SEGA gets a lot of flak for its long-running series slowly going off the deep end and forgetting what made them enjoyable. Shinobi floundered until it just disappeared, the most recent Valkyria Chronicles has had painful reviews, and the less said about Sonic the better.
Yakuza (Ryū ga Gotoku in Japan), however, is a long-running Sega property that has continued to go from strength to strength. With six main sequence games, it has become the gaming equivalent of box set television. A sprawling crime epic of sworn brotherhood, angry stares and brutal finishing moves that will still somehow only KO the opponent even though you just jammed a dagger straight into his guts.
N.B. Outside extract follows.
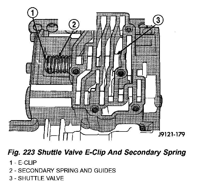 22. Remove shuttle valve E-clip and remove secondary spring and spring guides from end of valve (Fig. 223).

The games follow Kazuma Kiryu, the bastard lovechild of Akira from Virtua Fighter and Jotaro Kujo, and his adventures with an ever-expanding cast of friends, ex-yakuza family, ex-yakuza rivals and Goro Majima. In Japan, six main sequence games cover Kiryu’s story as well as a generous amount of side games. Yakuza is a bankable cash-cow franchise in its native country.
With each game, the fighting improved as well as adding new and fun things to try out in between the story missions. Yakuza 6 and Yakuza 0 are far more enjoyable games than the, now twelve-year-old, original. It seems a clear decision that, with Yakuza so popular as a series, the flawed original game should be remade with the new engine used in Yakuza 0.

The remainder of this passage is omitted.